2015-10-01T15:02:41.537+0000 I COMMAND  [conn4713] command admin.$cmd command: listDatabases { listDatabases: 1.0 } keyUpdates:0 writeConflicts:0 numYields:0 reslen:213799 locks:{ Global: { acquireCount: { r: 6626 } }, Database: { acquireCount: { r: 3313 } } } 13618ms
2015-10-01T15:03:10.178+0000 I COMMAND  [conn3400] command admin.$cmd command: listDatabases { listDatabases: 1.0 } keyUpdates:0 writeConflicts:0 numYields:0 reslen:187243 locks:{ Global: { acquireCount: { r: 5826 } }, Database: { acquireCount: { r: 2913 } } } 10917ms
2015-10-01T15:03:47.616+0000 I COMMAND  [conn316099] command admin.$cmd command: listDatabases { listDatabases: 1.0 } keyUpdates:0 writeConflicts:0 numYields:0 reslen:192677 locks:{ Global: { acquireCount: { r: 5996 } }, Database: { acquireCount: { r: 2998 } } } 11979ms

On another instance, running in 2.6 with mmapv1, listing about 8x more databases take less than 1s :

2015-10-01T15:07:56.751+0000 [conn224132] command admin.$cmd command: listDatabases { listDatabases: 1.0 } keyUpdates:0 numYields:0 locks(micros) R:23663 r:128494 reslen:1300875 866ms

Seems related to SERVER-17078

Mongo version : 3.0.6
OS : Linux / Ubuntu 14.04
Storage configuration :
storageEngine = wiredTiger
wiredTigerCollectionBlockCompressor = snappy
wiredTigerCacheSizeGB = 3



 Comments   
Comment by Ian Whalen (Inactive) [ 12/Nov/15 ]

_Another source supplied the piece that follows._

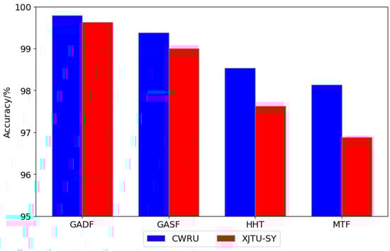 From the above experiments, it can be seen that the CNN-ViT architecture proposed in this paper achieves better fault diagnosis results on public datasets by introducing convolution operators from CNNs to extract local features of images and self-attention mechanisms from Transformers to capture global representations. To further verify the reliability of the image encoding method proposed in this paper, we compared it with other image encoding methods. One method converts the original one-dimensional signal into a time-frequency map based on the Hilbert–Huang Transform (HHT), and another method encodes the original one-dimensional signal into feature images based on the Markov Transition Field (MTF). The training and testing sets were divided in the same proportion. The training and testing sets were then input into the CNN-ViT model for feature extraction and fault classification. The results, as shown in Figure 14, indicate that the recognition rates of GAF images are higher than those of HHT images and MTF images, with the highest recognition rate achieved by GADF images. This demonstrates that the GADF image encoding method has better signal reconstruction ability and can more effectively express vibration signal characteristics, making it more suitable for bearing fault classification and diagnosis compared to other image encoding methods.

Hi Anthony, once again thanks a lot for the bug report. Because it looks like this is a particular symptom that we're going to be addressing through a few different fixes (SERVER-20961, SERVER-21067, SERVER-3181) I'm going to close this as a duplicate and link to those 3 issues.

We try to only keep issues open when we know that code will be committed and attached to it, and in this case the code that's relevant for you will show up on these other 3 issues; for updates as we continue to work on these please add yourself as a watcher there.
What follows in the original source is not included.